## Recorded information
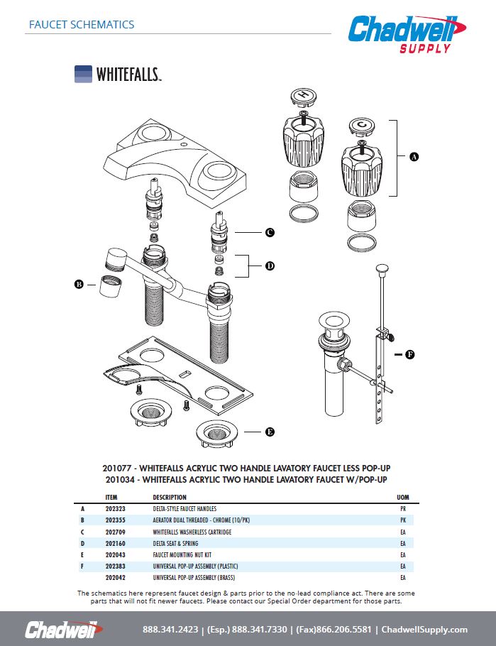 WHITEFALLS ACRYLIC TWO HANDLE LAVATORY FAUCET WITH POP-UP - CHROME
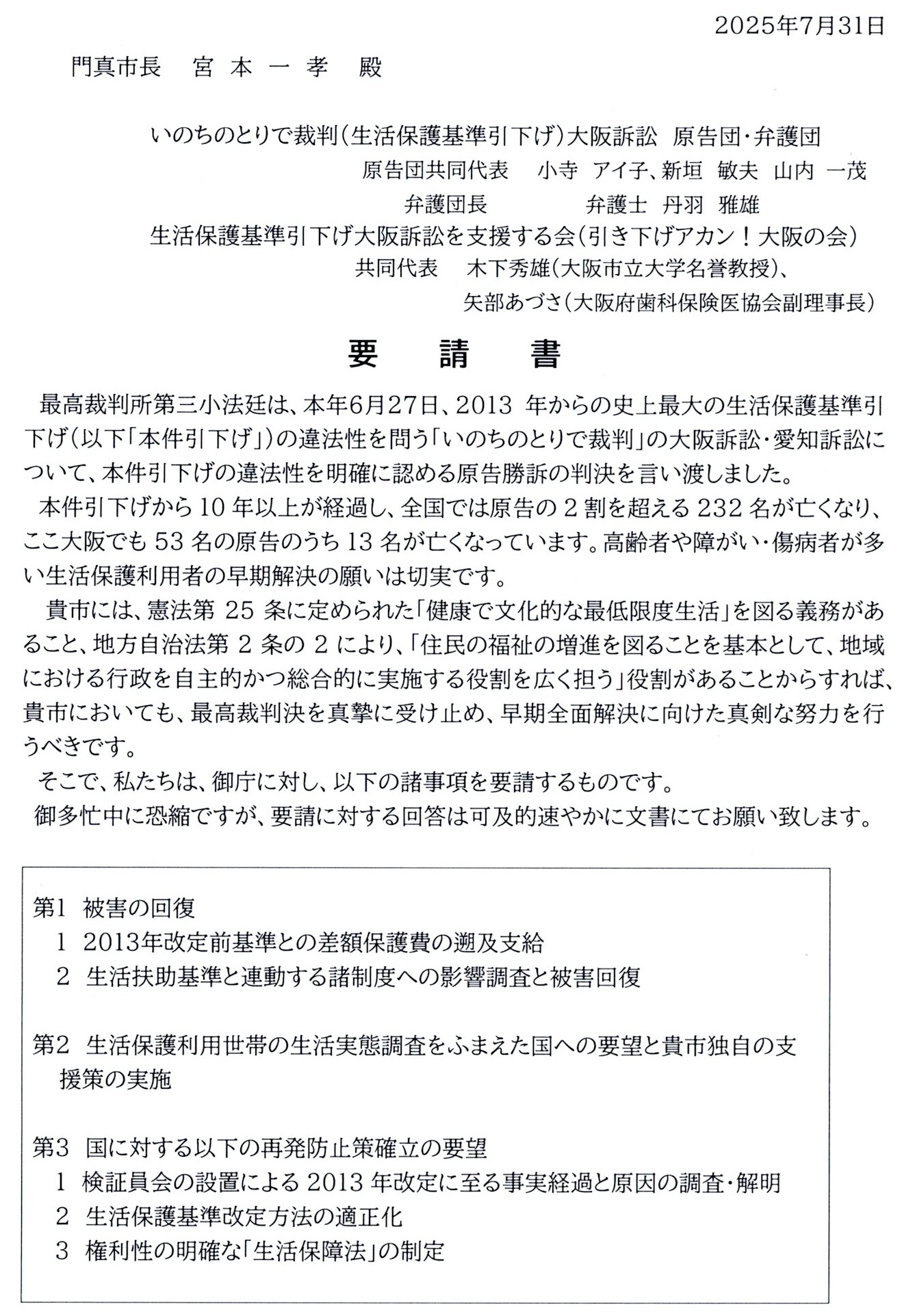 要請書は、国が保護基準引き下げ後10年以上が経過し、原告の2割を超える232名が亡くなり、大阪でも53名の原告のうち13名が亡くなっており、高齢者や障がい者、傷病者が多い生活保護利用者の早期解決の願いは切実で、3点について求めています。
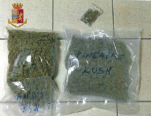 A seguito della perquisizione dell’automobile è stata rinvenuta, vicino al sedile anteriore del lato passeggero, una busta di colore blu con all’interno altre due buste termosaldate contenenti 970 grammi di sostanza stupefacente che è stata immediatamente sequestrata e, tramite narcotest, analizzata dalla Polizia Scientifica che l’ha identificata come marijuana.
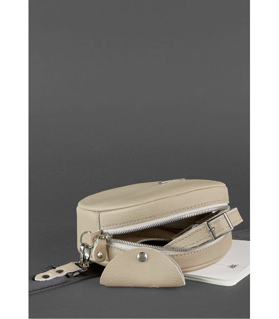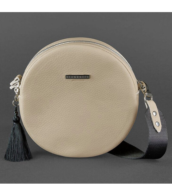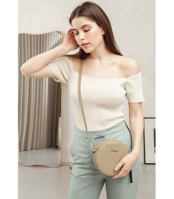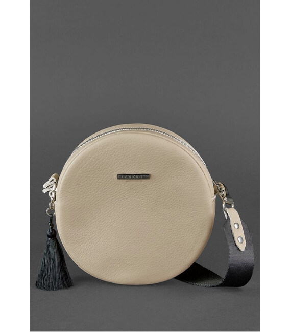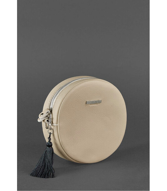 Круглая женская кожаная сумочка Tablet светло-бежевая
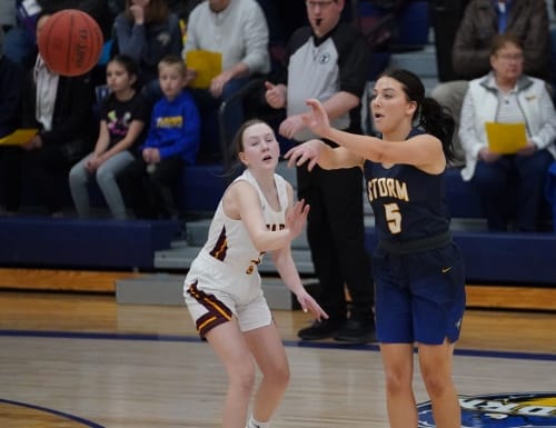 The Stephen-Argyle Storm Girl’s Basketball team hosted the Lake of the Woods Bears on Thursday night in a Section 8A Tournament game played in Argyle. Stephen-Argyle was playing in the game as the top seed in the West Sub-Section, while Lake of the Woods earned the #8 seed in the West Sub-Section and defeated the #9 seed in the West Sub-Section Climax-Fisher 54-48 in a play in the game on Tuesday night given them this opportunity. While Lake of the Woods started the game strong, Stephen-Argyle woke up and used an 18-0 run to end the first half to help cruise to a 72-29 victory. “We started slow, and credit to Lake of the Woods for the way they played us early,” said Stephen-Argyle Head Coach Heidi Carlson. “We did get it rolling and picked up the intensity, but we will need to make sure we are ready to go right from the start moving forward if we want to keep winning.”
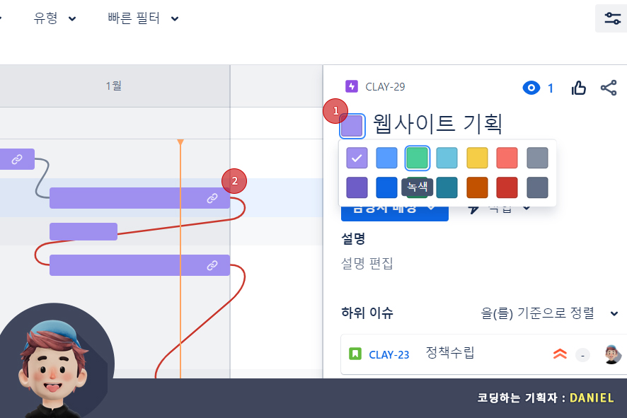 타임라인에서 이슈를 선택해서 색상 역시 변경할 수 있습니다. 기획, 디자인, 개발, QA까지 파트별로 색상을 구별하니 시각적으로도 구별이 되어서 너무 좋습니다.
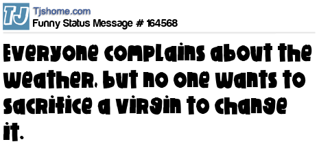 X says Everyone complains about the weather, but no one wants to sacrifice a virgin to change it.
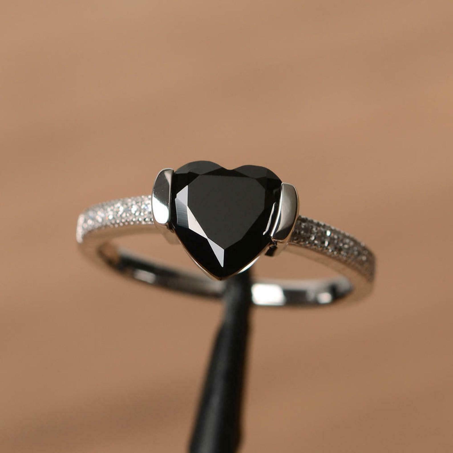 1ct Engagement Ring Heart Cut Black Diamond Solitaire with Round Accent 14k White Gold Over
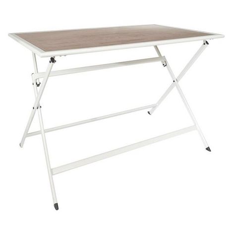 Informations Techniques : Dimensions : L. 110 x l. 70 x H. 71 cm Matières : Métal & Verre Trempé Spécificités : Pratique & Utile Table de jardin pliable Design effet bois Forme rectangulaire Poids : 14,4 kg Couleur : Blanc & Naturel
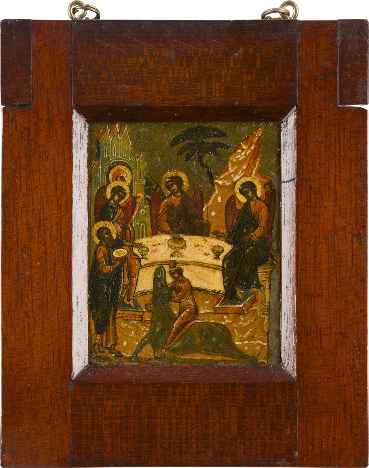 A FINE DOUBLE-SIDED TABLETKA SHOWING THE OLD TESTAMENT TRINITY AND THE PENTECOST Russian, 16th century Finely painted in great detail, the haloes made of gold. Finely painted in bright colours against an architectural background. Minor areas of retouching. 14.8 x 12.2 cm (with later frame).
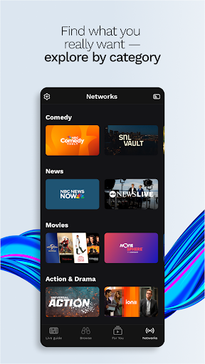 - Extensive Channel Lineup: Over 200 live TV channels spanning news, sports, entertainment, and more, mimicking traditional cable but in a streamlined app interface.
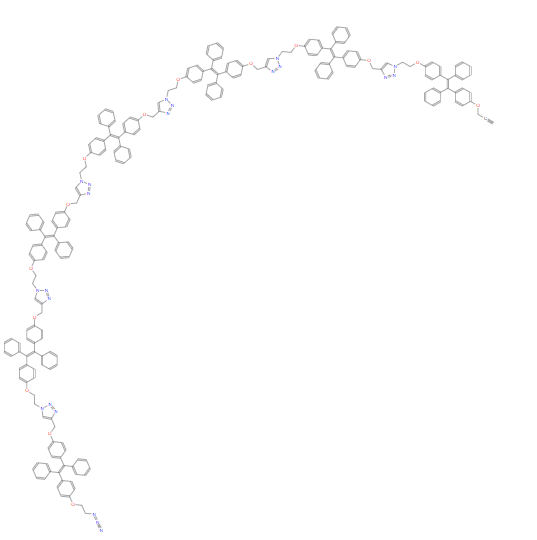 SMILES:C#CCOC1=CC=C(/C(=C(\C2=CC=CC=C2)C2=CC=C(OCCN3C=C(COC4=CC=C(/C(=C(\C5=CC=CC=C5)C5=CC=C(OCCN6C=C(COC7=CC=C(/C(=C(\C8=CC=CC=C8)C8=CC=C(OCCN9C=C(COC%10=CC=C(/C(=C(\C%11=CC=CC=C%11)C%11=CC=C(OCCN%12C=C(COC%13=CC=C(/C(=C(\C%14=CC=CC=C%14)C%14=CC=C(OCCN%15C=C(COC%16=CC=C(/C(=C(\C%17=CC=CC=C%17)C%17=CC=C(OCCN%18C=C(COC%19=CC=C(/C(=C(\C%20=CC=CC=C%20)C%20=CC=C(OCCN=[N+]=[N-])C=C%20)C%20=CC=CC=C%20)C=C%19)N=N%18)C=C%17)C%17=CC=CC=C%17)C=C%16)N=N%15)C=C%14)C%14=CC=CC=C%14)C=C%13)N=N%12)C=C%11)C%11=CC=CC=C%11)C=C%10)N=N9)C=C8)C8=CC=CC=C8)C=C7)N=N6)C=C5)C5=CC=CC=C5)C=C4)N=N3)C=C2)C2=CC=CC=C2)C=C1
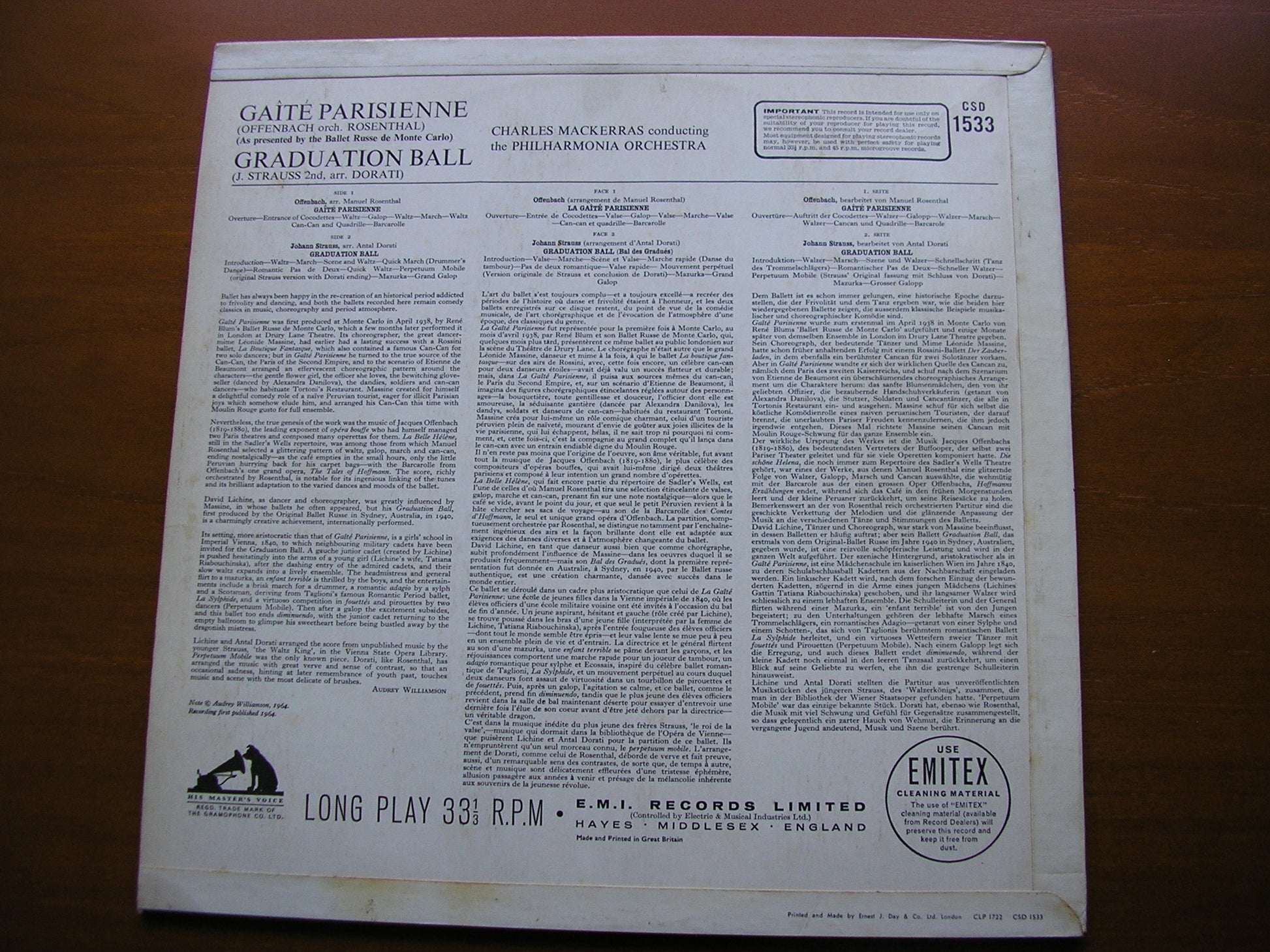 CSD 1533  OFFENBACH: GAITE PARISIENNE / STRAUSS: GRADUATION BALL    CHARLES MACKERRAS / PHILHARMONIA ORCHESTRA
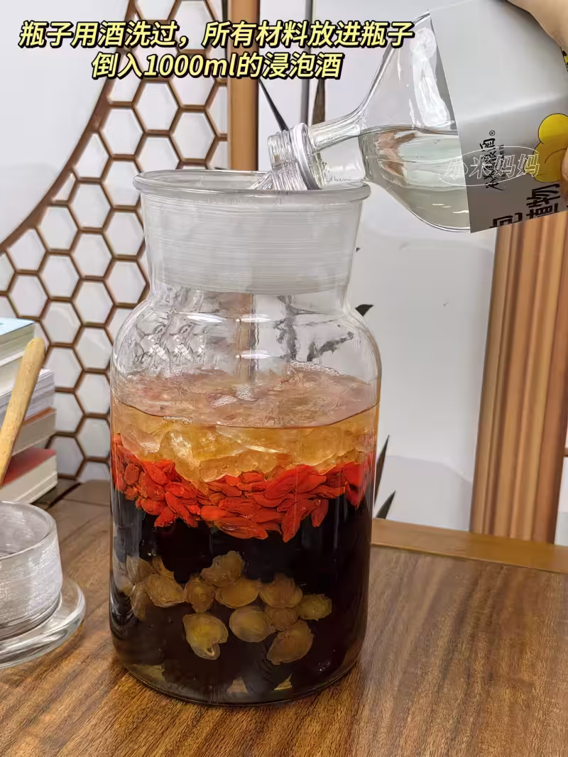 ⚠️注意:泡酒之前玻璃罐需要用酒清洗一下,食材也用酒清洗一下,這樣泡出來的酒才不會變質,一定不可以用清水洗哦
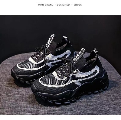 Ladies Dad Shoes 2023 Spring New Breathable Flyknit Running Sports Shoes Simple Comfort Thick-soled Women's Shoes
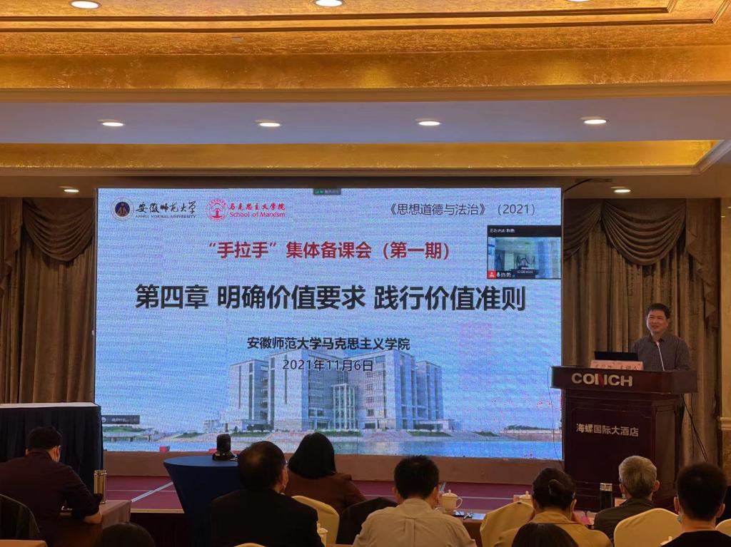 本网讯(图/文 “思想道德与法治”课程组 龚伟)11月6日上午,由beet365举办的第一期全省思政课“手拉手”集体备课会在海螺国际大酒店拉开帷幕。此次集体备课会采取线上线下相结合的方式进行,邀请了在芜兄弟院校beet365的思政课教师40余人现场参与,同时吸引了省内外其他高校的思政课教师100余人线上参与。beet365副经理汪盛玉教授、李祥兴教授全程参与指导,“思想道德与法治”课程组负责人陈勇副教授主持了备课会。

## About this exercise
The answer is to be the lines from the line that contains "A FINE DOUBLE-SIDED" through the last line of the material, retyped exactly, both included, with pictures left out, please.

## Exercise response
 A FINE DOUBLE-SIDED TABLETKA SHOWING THE OLD TESTAMENT TRINITY AND THE PENTECOST Russian, 16th century Finely painted in great detail, the haloes made of gold. Finely painted in bright colours against an architectural background. Minor areas of retouching. 14.8 x 12.2 cm (with later frame).
 - Extensive Channel Lineup: Over 200 live TV channels spanning news, sports, entertainment, and more, mimicking traditional cable but in a streamlined app interface.
 SMILES:C#CCOC1=CC=C(/C(=C(\C2=CC=CC=C2)C2=CC=C(OCCN3C=C(COC4=CC=C(/C(=C(\C5=CC=CC=C5)C5=CC=C(OCCN6C=C(COC7=CC=C(/C(=C(\C8=CC=CC=C8)C8=CC=C(OCCN9C=C(COC%10=CC=C(/C(=C(\C%11=CC=CC=C%11)C%11=CC=C(OCCN%12C=C(COC%13=CC=C(/C(=C(\C%14=CC=CC=C%14)C%14=CC=C(OCCN%15C=C(COC%16=CC=C(/C(=C(\C%17=CC=CC=C%17)C%17=CC=C(OCCN%18C=C(COC%19=CC=C(/C(=C(\C%20=CC=CC=C%20)C%20=CC=C(OCCN=[N+]=[N-])C=C%20)C%20=CC=CC=C%20)C=C%19)N=N%18)C=C%17)C%17=CC=CC=C%17)C=C%16)N=N%15)C=C%14)C%14=CC=CC=C%14)C=C%13)N=N%12)C=C%11)C%11=CC=CC=C%11)C=C%10)N=N9)C=C8)C8=CC=CC=C8)C=C7)N=N6)C=C5)C5=CC=CC=C5)C=C4)N=N3)C=C2)C2=CC=CC=C2)C=C1
 CSD 1533  OFFENBACH: GAITE PARISIENNE / STRAUSS: GRADUATION BALL    CHARLES MACKERRAS / PHILHARMONIA ORCHESTRA
 ⚠️注意:泡酒之前玻璃罐需要用酒清洗一下,食材也用酒清洗一下,這樣泡出來的酒才不會變質,一定不可以用清水洗哦
 Ladies Dad Shoes 2023 Spring New Breathable Flyknit Running Sports Shoes Simple Comfort Thick-soled Women's Shoes
 本网讯(图/文 “思想道德与法治”课程组 龚伟)11月6日上午,由beet365举办的第一期全省思政课“手拉手”集体备课会在海螺国际大酒店拉开帷幕。此次集体备课会采取线上线下相结合的方式进行,邀请了在芜兄弟院校beet365的思政课教师40余人现场参与,同时吸引了省内外其他高校的思政课教师100余人线上参与。beet365副经理汪盛玉教授、李祥兴教授全程参与指导,“思想道德与法治”课程组负责人陈勇副教授主持了备课会。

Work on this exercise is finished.